• [YOUR GOAL]: Leaving all pictures aside, copy exactly the lines from the start of the listing below through the line that contains "Municipality Lippoldswilen", and only those lines.

• [EXTRACTED MATERIAL]:

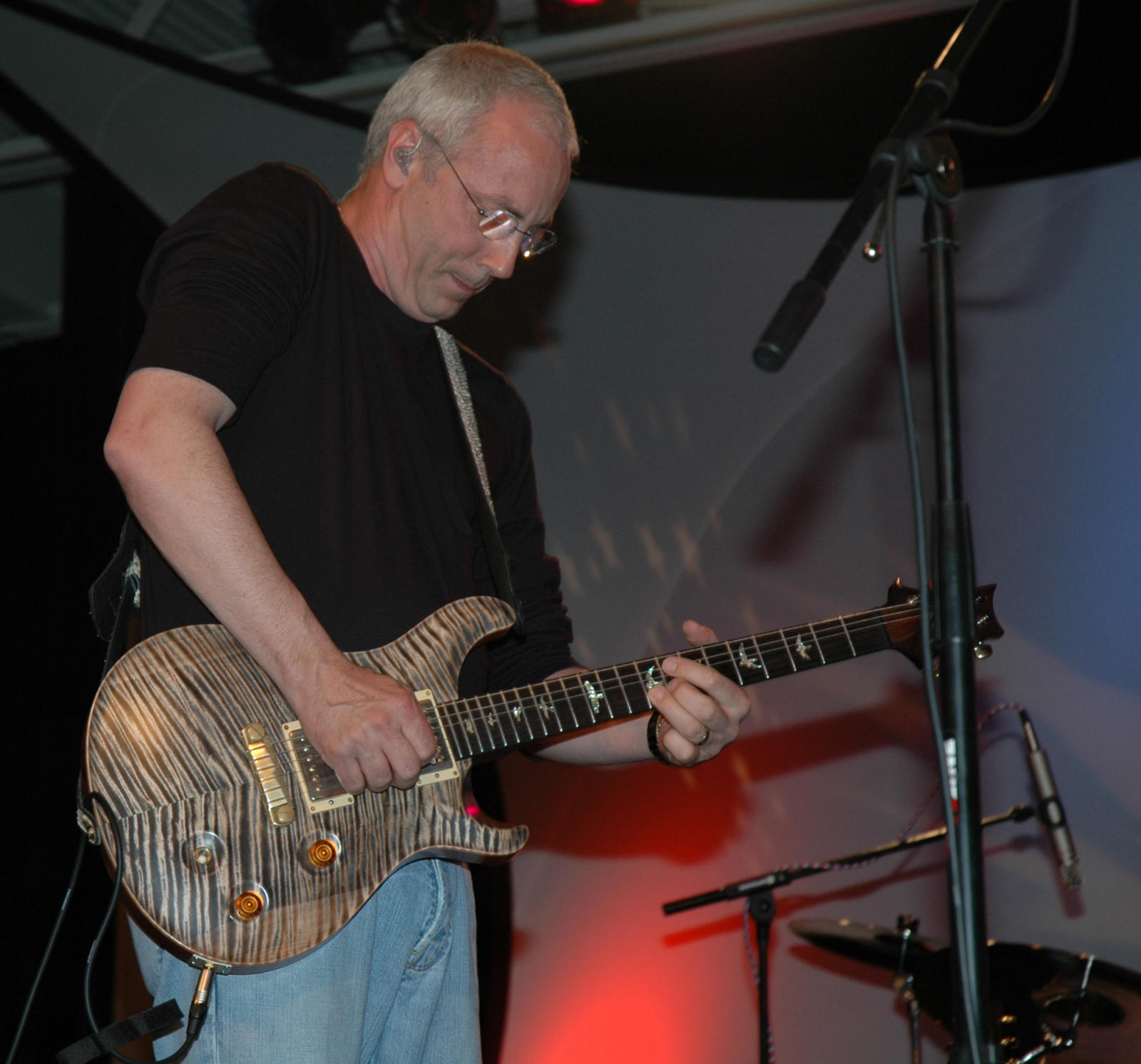 Paul Reed Smith playing one of his guitars at the annual Guitar Festival, Dallas, Texas.
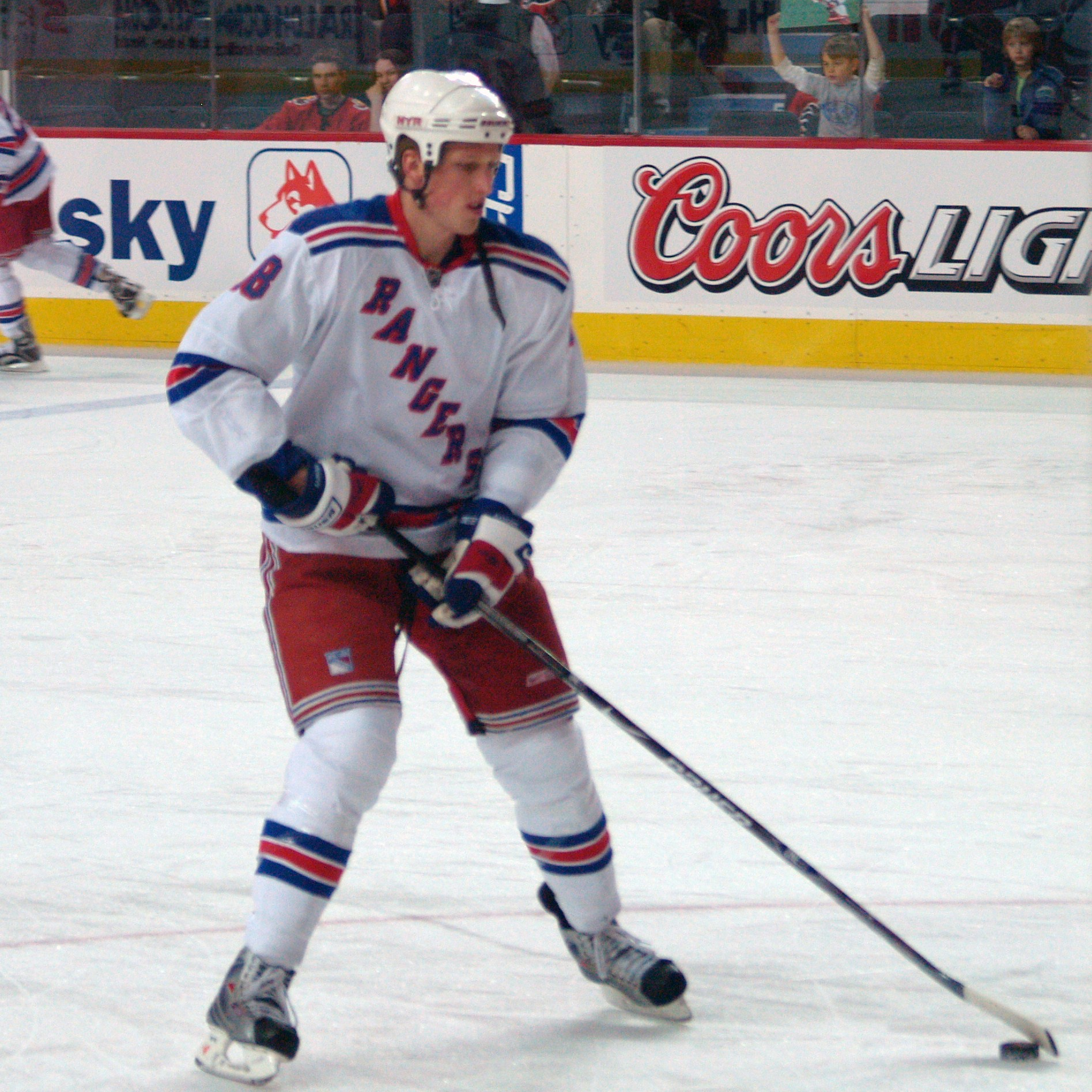 Marc Staal of the New York Rangers in a pre-game skate in Calgary
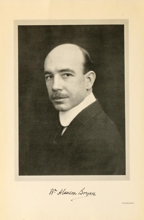 William Alanson Bryan (1875-1942) was an American zoologist, ornithologist, naturalist and director of the Natural History Museum of Los Angeles County.
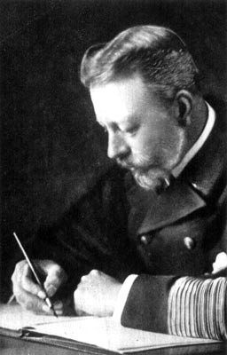 "PRINCE HENRY OF PRUSSIA, In Supreme Command of the German Battleship Fleet. (Photo from Bain.)"
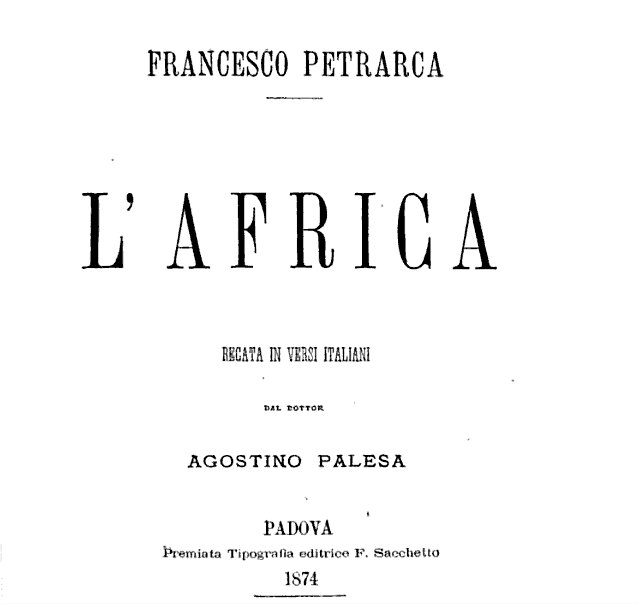 Book cover of Italian version of Petrarch's "Africa"
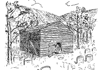 Old Hartslog Meeting House
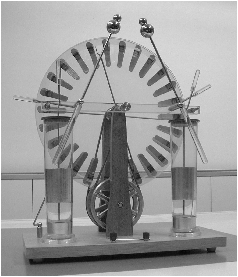 Wimshurst electrostatic machine References: Photos libres et Cours de physique libre
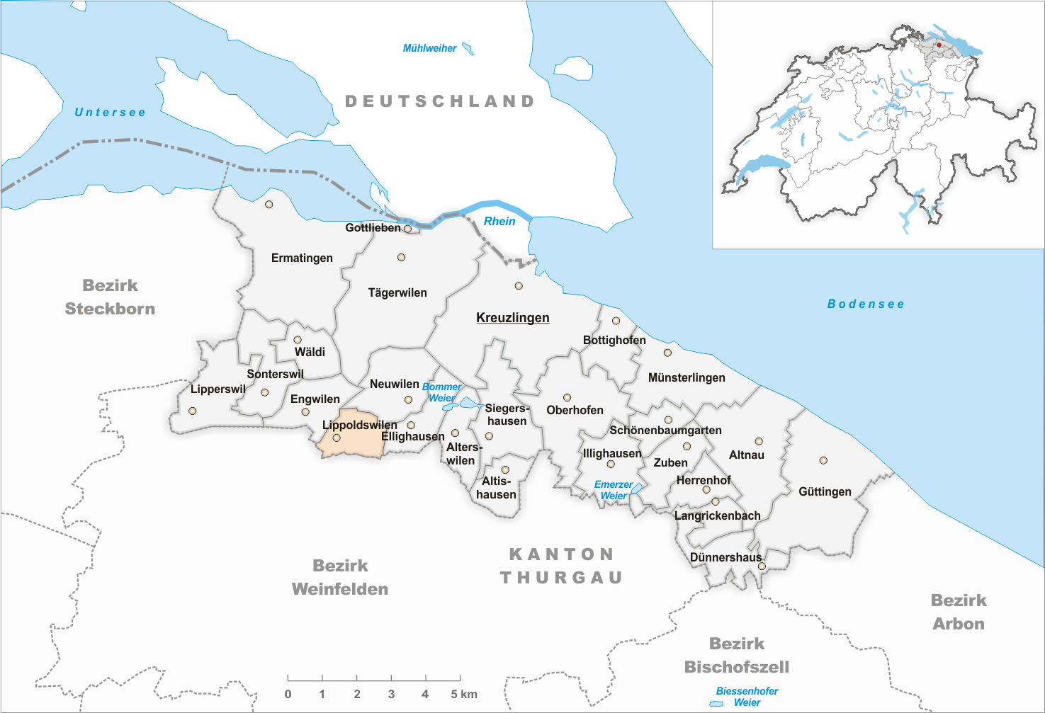 Municipality Lippoldswilen
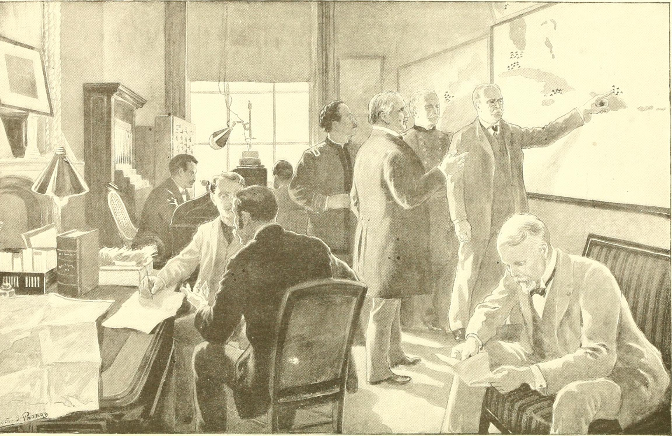 Title: From 1800 to 1900. The wonderful story of the century; its progress and achievements .. Year: 1899 (1890s) Authors: Morris, Charles, 1833-1922 Subjects: Nineteenth century Publisher: Chicago, Ill., A.B. Kuhlman Company Text Appearing Before Image: ' Text Appearing After Image: In the War Room at Washington, Secretary Long, Alger, Major General Miles, progress of the Spanish American War. ** THE DEVELOPMENT OF THE AMERICAN NAVY 485 to the careful sighting of the pieces that our sailors owed much of their victorious career. While most of the British shot were wasted on the sea and in the air, nearly all the American balls went Amencan 1 11 1 n ■ • 1 11 • Harksmariship home, carrying death to the lintish crews and destruction to their hulls and spars, while the American ships and sailors escaped in great measure unharmed. As regards the work of our naval inventors, it will suffice to say, that the Americans, while not the first to plate vessels with iron, were the firstto do so effectively and to prove the superiority of the ironclad in navalwarfare. The memorable contest in Hampton Roads between the Monitor and the Merrimac made useless in a day all the fleets of all the nations ofthe world, and caused such a revolution in naval architecture and warfar
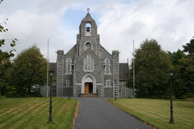 St. Michael's Church, Annyalla, Co. Monaghan
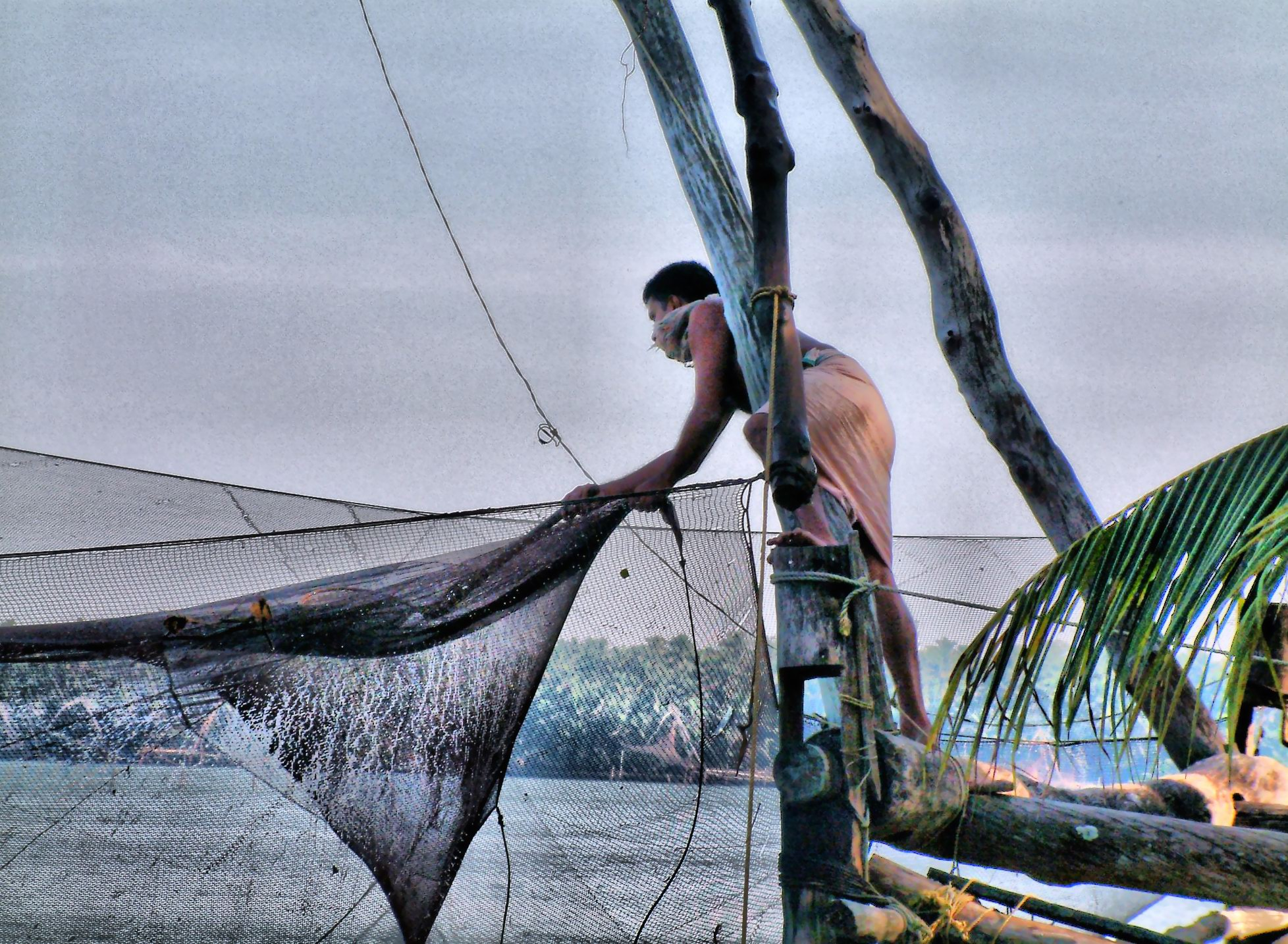 Chinese Fishing net
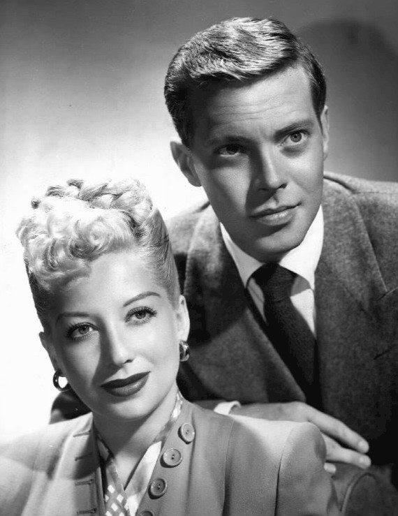 Photo of Helen Forrest and Dick Haymes at the start of Haymes' CBS Radio program. Forrest was a regular on the show.
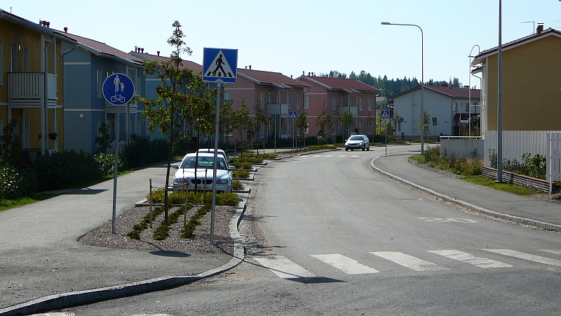 Vantinlaaksontie street in Vanttila, near Kauklahti, Espoo, Finland
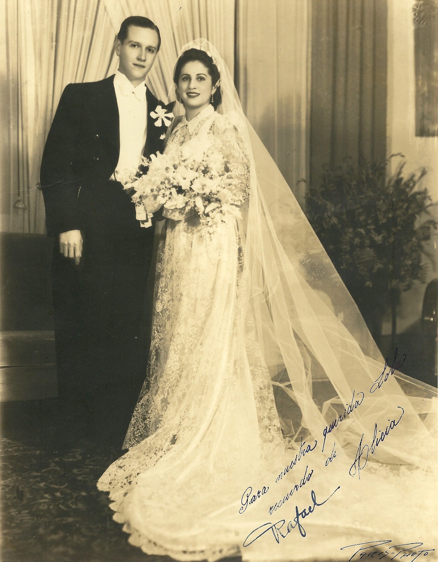 Matrimonio de Rafael Caldera y Alicia Pietri en la basílica de Santa Teresa, Caracas.
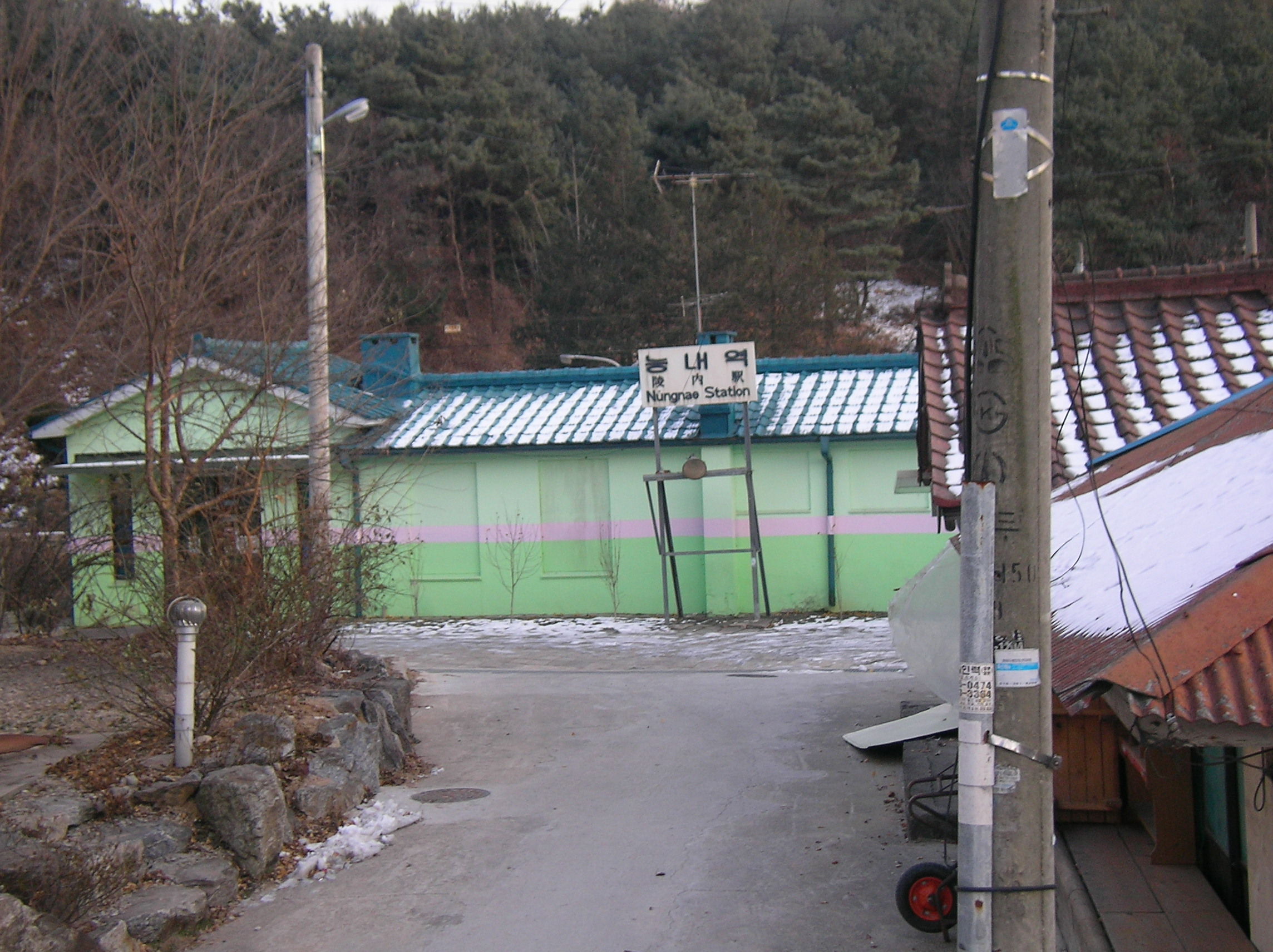 Neungnae Station

• [RESPONSE FOR THIS EXERCISE]:
 Paul Reed Smith playing one of his guitars at the annual Guitar Festival, Dallas, Texas.
 Marc Staal of the New York Rangers in a pre-game skate in Calgary
 William Alanson Bryan (1875-1942) was an American zoologist, ornithologist, naturalist and director of the Natural History Museum of Los Angeles County.
 "PRINCE HENRY OF PRUSSIA, In Supreme Command of the German Battleship Fleet. (Photo from Bain.)"
 Book cover of Italian version of Petrarch's "Africa"
 Old Hartslog Meeting House
 Wimshurst electrostatic machine References: Photos libres et Cours de physique libre
 Municipality Lippoldswilen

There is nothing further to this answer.